## Your goal:
Print word for word the first line of the listing below and every line after it, through the line with "Hãy hình dung: Trong". Leave out the pictures and the rest.

----------

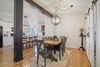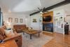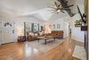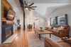 Inside, you'll find an inviting open-concept floor plan filled with natural light and designer details. Soaring black-beamed ceilings make a bold statement, laminate wood floors offer both style and durability, and a dramatic wood-burning fireplace anchors the living space. The chef's kitchen features white shaker cabinetry, quartz countertops, glossy black appliances, and a large island perfect for gatherings and entertaining. The primary suite is a true retreat with a spa-style bath that includes a soaking tub, oversized tiled shower, and dual vanities. Two additional bedrooms provide flexibility for guests, a home office, or creative use, with one offering a walk-in closet.
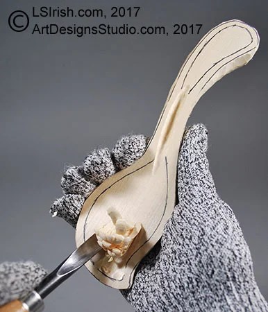 Find and mark the grain direction of your wood blank with a marking pen or dark pencil. Lay your spoon pattern onto the wood aligned with that grain line. A draw knife follows the grain of the wood closely.
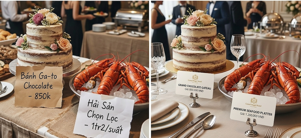 Hãy hình dung: Trong một khách sạn tên tuổi, đẳng cấp, một bàn tiệc buffet được bày biện đẹp mắt với những món ăn tinh tế, nhưng tấm thẻ tên món ăn lại là một mẩu giấy được cắt xén qua loa, chữ viết tay nguệch ngoạc hoặc bị ố lem vì sốt. Sự tương phản này sẽ ngay lập tức làm giảm giá trị cảm nhận của toàn bộ bữa tiệc, hơn nữa nhiều người sẽ đánh giá yếu tố kém chuyên nghiệp trong việc trải ngiệm ẩm thực bị ngắt quãng bởi những chi tiết tưởng chừng không quan trọng này.
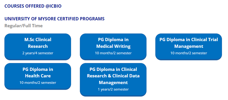 ICBIO is a Clinical Research Training and Service Provider offering various courses in Clinical Research to train Medical, Pharmacy and Life Science, Nursing students and professionals aspiring to make a career in Clinical Research. Our main aim is to make our students "Ready to be absorbed Clinical Research Professional". High quality and innovative methods are used by ICBio to offer clinical data managementtraining courses. Our courses shape the students in such a way that they are able to handle multiple tasks from designing protocols to preparing study reports thus enabling them to meet the growing demand for the Pharma, Life Sciences, Healthcare and Biomedical Industries. Our Institute is recognized / approved by the University of Mysore as a centre for Specialized studies.
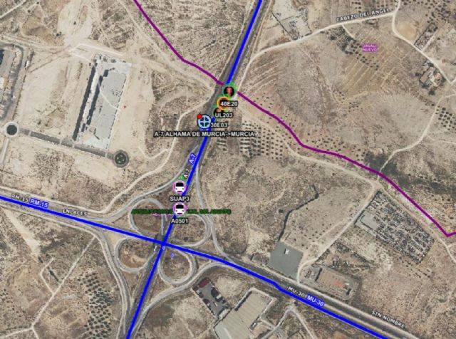 15.32 horas. Según los datos facilitados por los llamantes, el suceso se ha producido, por la colisión de seis turismos en la A-7 dirección Murcia, a la altura de la Estrella de Levante, en Alcantarilla. Informaban de que un coche estaba totalmente destrozado, de que no podían acceder a este porque desprendía humo blanco y que habían muchos restos esparcidos en la calzada.
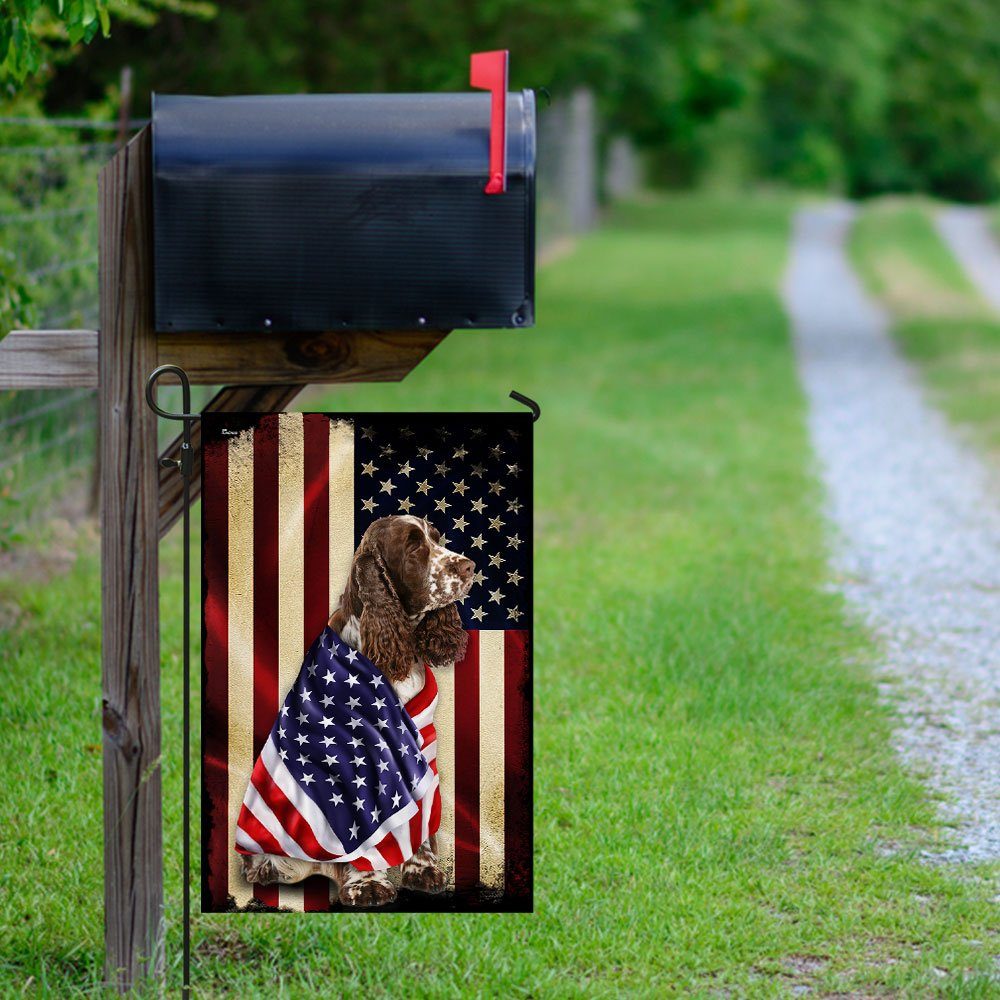 Liver and White Springer Spaniel American Patriot Flag
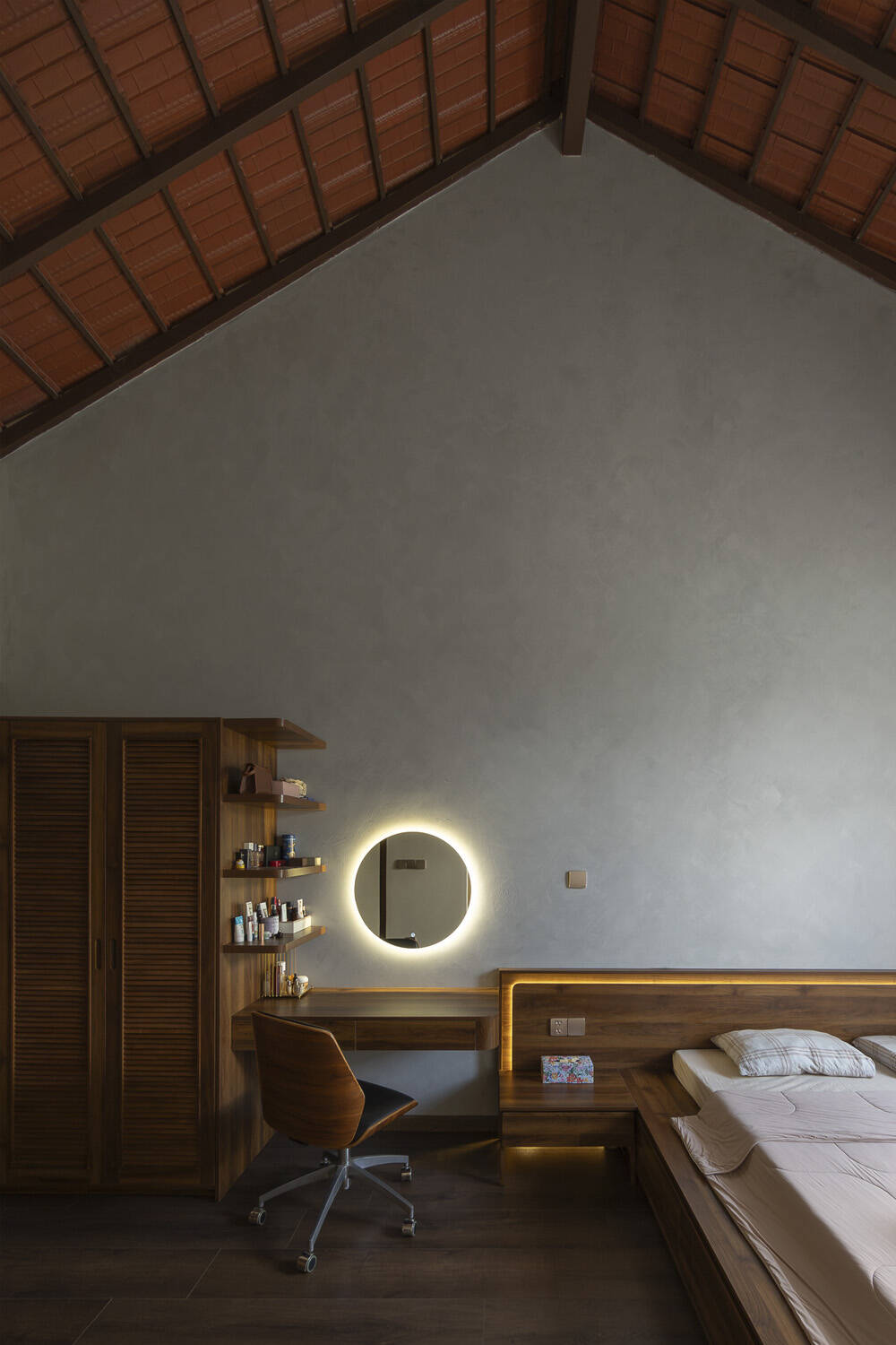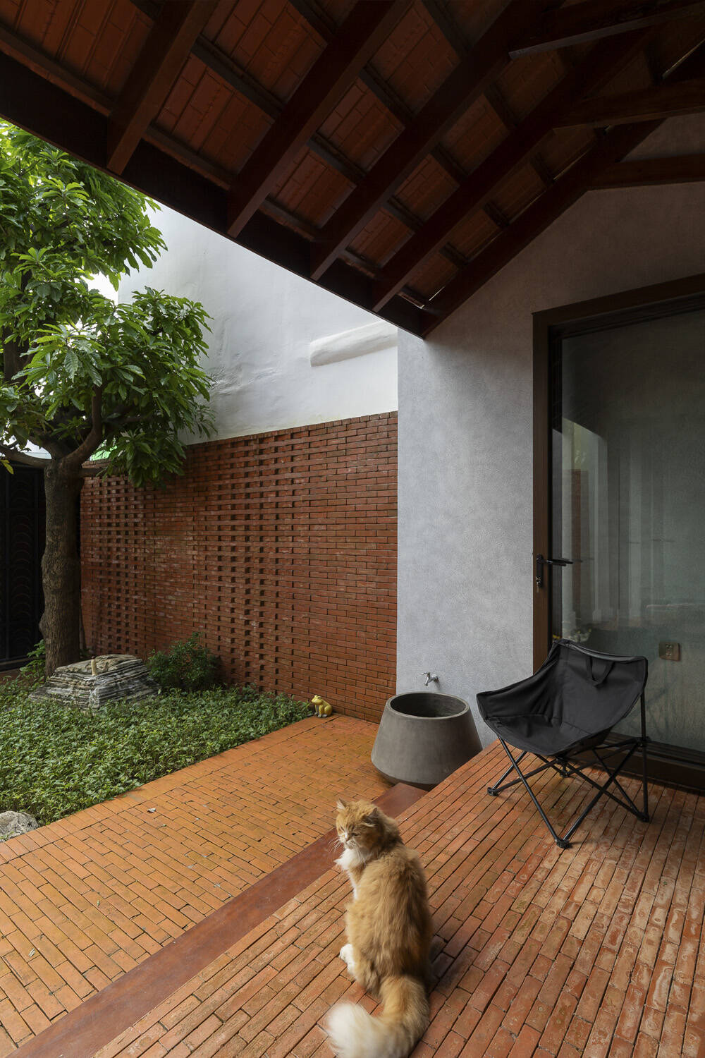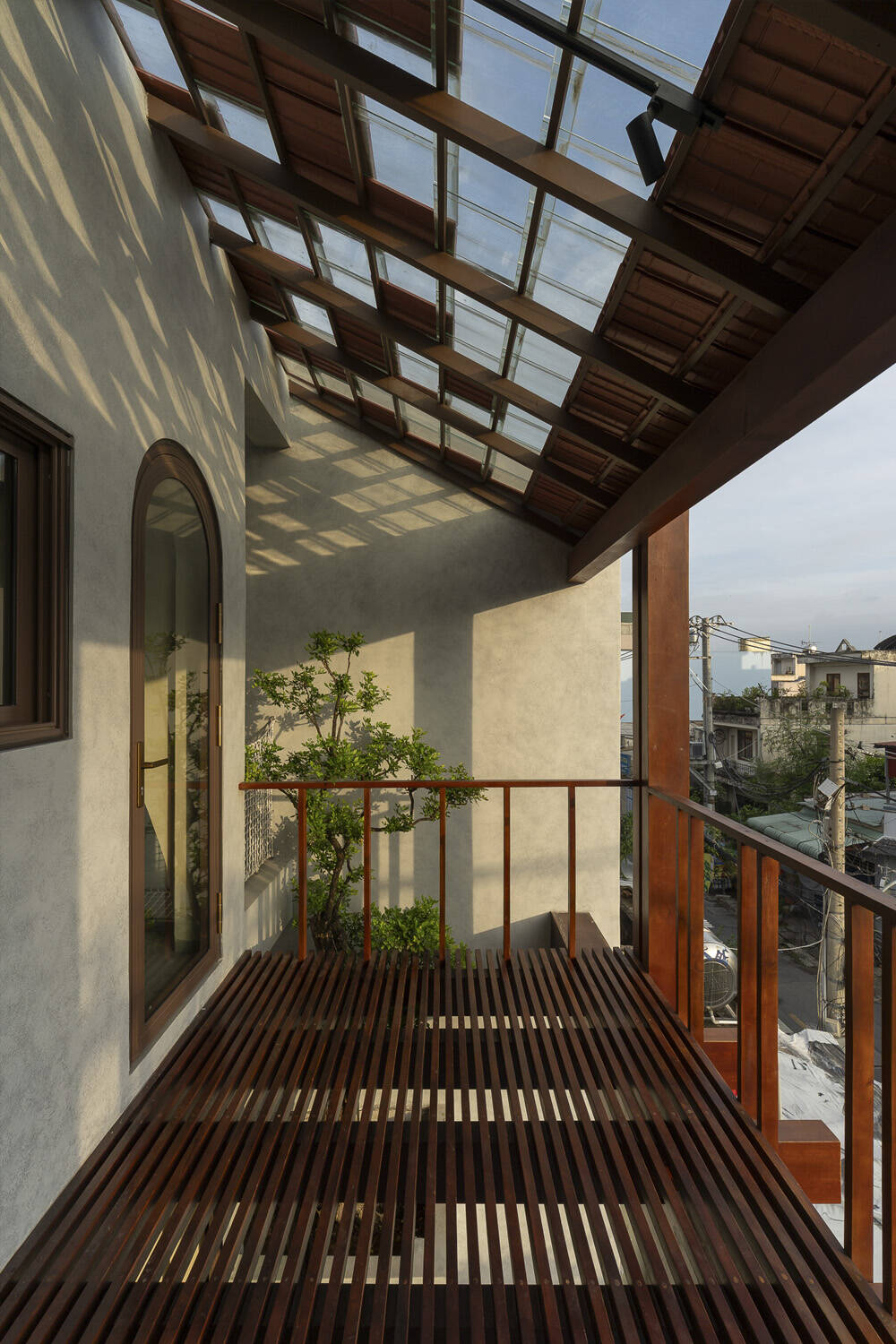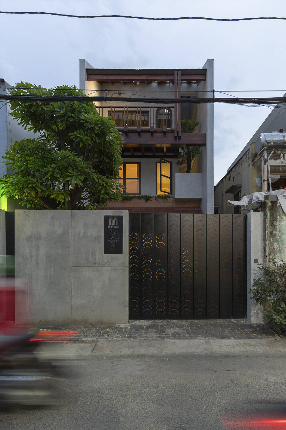 Thiết kế của M.Casa được phát triển từ tinh thần của nếp nhà truyền thống Việt Nam, nơi các yếu tố sân trong, mái dốc, hiên và vật liệu tự nhiên cùng định hình không gian sống. Việc sử dụng bê tông thô, gạch trần và gỗ nâu trầm không chỉ là lựa chọn vật liệu mà còn là cách kiến trúc sư gợi lại cảm xúc gần gũi, mộc mạc, gắn bó với ký ức làng quê trong nhịp sống hiện đại.

----------

## Exercise solution:
 Inside, you'll find an inviting open-concept floor plan filled with natural light and designer details. Soaring black-beamed ceilings make a bold statement, laminate wood floors offer both style and durability, and a dramatic wood-burning fireplace anchors the living space. The chef's kitchen features white shaker cabinetry, quartz countertops, glossy black appliances, and a large island perfect for gatherings and entertaining. The primary suite is a true retreat with a spa-style bath that includes a soaking tub, oversized tiled shower, and dual vanities. Two additional bedrooms provide flexibility for guests, a home office, or creative use, with one offering a walk-in closet.
 Find and mark the grain direction of your wood blank with a marking pen or dark pencil. Lay your spoon pattern onto the wood aligned with that grain line. A draw knife follows the grain of the wood closely.
 Hãy hình dung: Trong một khách sạn tên tuổi, đẳng cấp, một bàn tiệc buffet được bày biện đẹp mắt với những món ăn tinh tế, nhưng tấm thẻ tên món ăn lại là một mẩu giấy được cắt xén qua loa, chữ viết tay nguệch ngoạc hoặc bị ố lem vì sốt. Sự tương phản này sẽ ngay lập tức làm giảm giá trị cảm nhận của toàn bộ bữa tiệc, hơn nữa nhiều người sẽ đánh giá yếu tố kém chuyên nghiệp trong việc trải ngiệm ẩm thực bị ngắt quãng bởi những chi tiết tưởng chừng không quan trọng này.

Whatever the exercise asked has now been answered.